Proteomic changes after fertilization and before first cleavage in rainbow trout Oncorhynchus mykiss
Summary, in English
In most vertebrates, the development of a new individual starts with fertilization of the oocyte by the spermatozoon. A label-free quantification strategy was applied to investigate proteomic changes after fertilization and before first cleavage in the egg of rainbow trout. Samples were obtained from oocyte and fertilized eggs at 50, 200 min, and 15 h after fertilization at 4 °C. Significant changes were observed in the abundances of thirty-two proteins at different time points. The fertilization was accompanied by an upregulation of a coagulation factor protein which might be responsible for the construction of a layer for the protection of developing embryo. Upregulation of iron binding proteins such as ferritin and ceruloplasmin could reflect the importance of this metal ion in the fertilization. The quantity of complement which is known as an immunological protein significantly increased during early stages. Upregulation of kinase could reflect the potentials of the fertilized egg for protein phosphorylation.
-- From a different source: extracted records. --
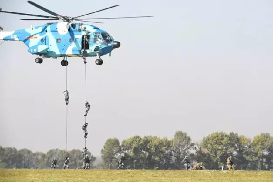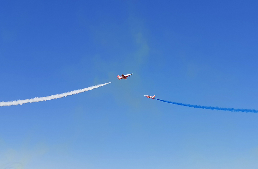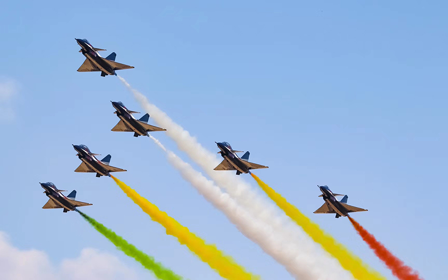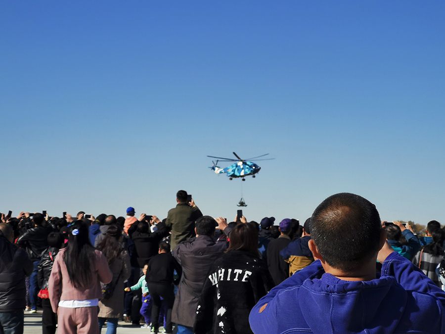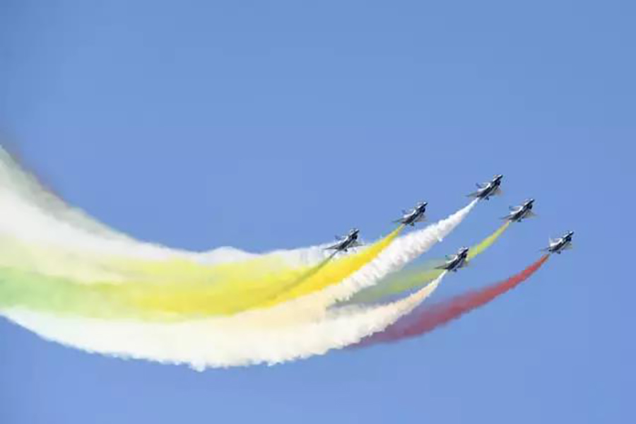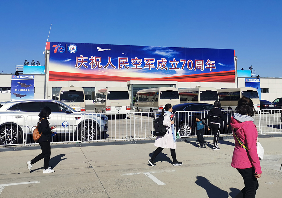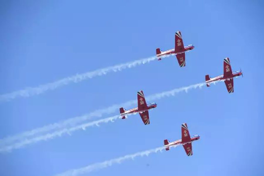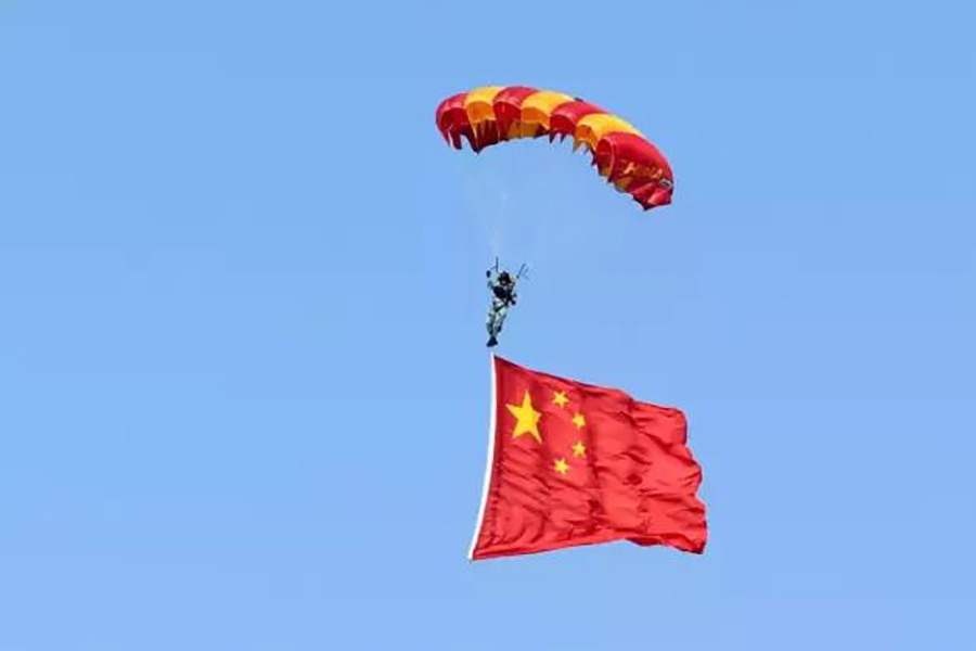 9时许,随着6枚信号弹腾空而起,运送跳伞表演队员的运-5飞机飞临现场,当降落伞如春蕾般迎风怒放、扮靓九天的时候,现场群情激动。在蓝天白云的衬托下,鲜艳的五星红旗、八一军旗、空军军旗迎风飘扬,“听党指挥”“能打胜仗”“作风优良”等横幅猎猎作响。“天之翼”飞行表演队表演、空降兵空中突击行动展示等飞行表演更是深深吸引着观众的眼球。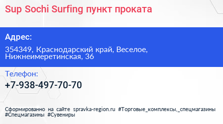 Sup Sochi Surfing, пункт проката по адресу 354349, Краснодарский край, Веселое, Нижнеимеретинская, 36 в дальнейшем Организация, размещена в следующих категориях: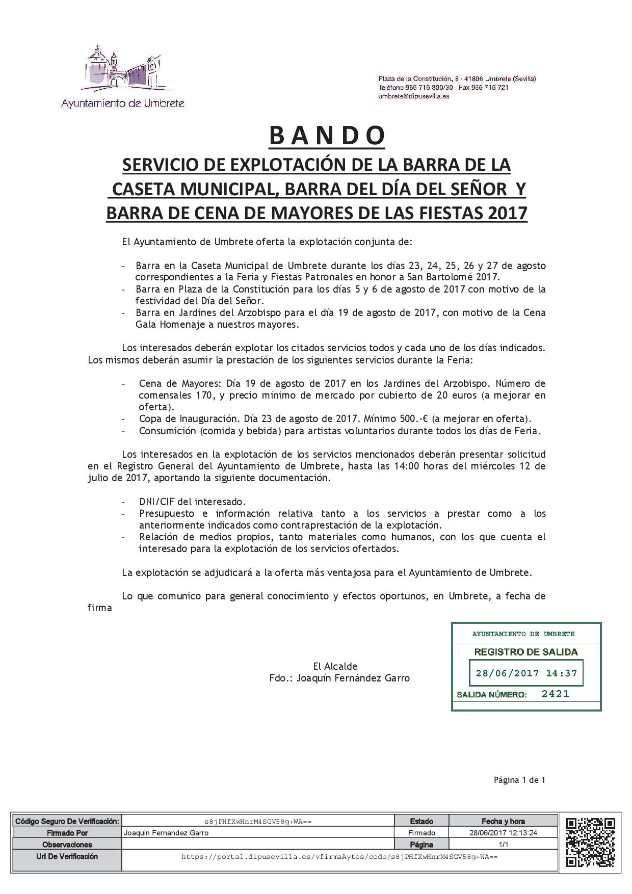 BANDO SERVICIO DE EXPLOTACIÓN DE LA BARRA DE LAS FIESTAS 2017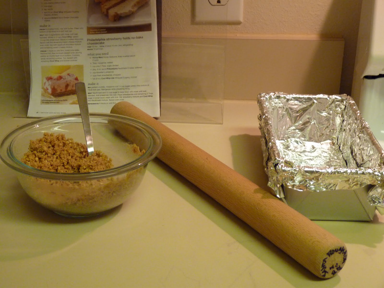 On the right, you'll see your standard smothered in foil bread pan. That's buttery, cookie, crushed goodness there on the left and a good 'ol whackin' stick in the middle (aka my rolling pin).
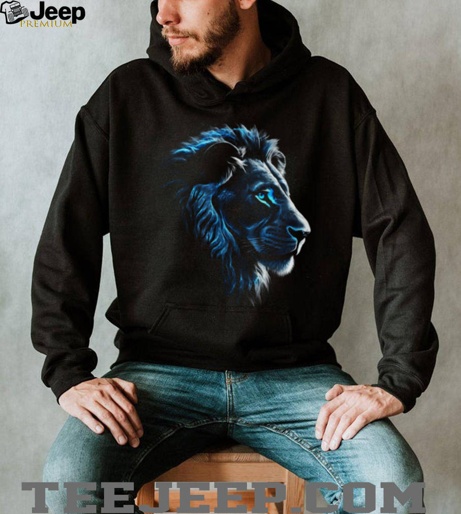 (Majestic Blue Fire Lion Graphic Art Black T Shirt)Majestic Blue Fire Lion Graphic Art Black T Shirt, Treat yourself or make a great gift for your loved ones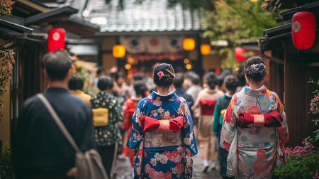 Vibrant kimonos complement serene tea ceremonies amid sakura blossoms and Zen gardens in Kyoto.

Importin and vitellogenin proteins showed both down- and upregulation patterns. The timing of the upregulation of three types of actins may indicate their potential roles in fertilization and development of the fertilized egg. Upregulation of proteins such as Kinesin-like protein, Sororin etc. by 15 h may contribute to the cell preparation for the division in the upcoming first cleavage. In conclusion, insemination causes extensive changes in the abundances of proteins which have potentials to conduct fertilization and the cell preparation for the first cleavage. Data are available via ProteomeXchange with identifier PXD013329.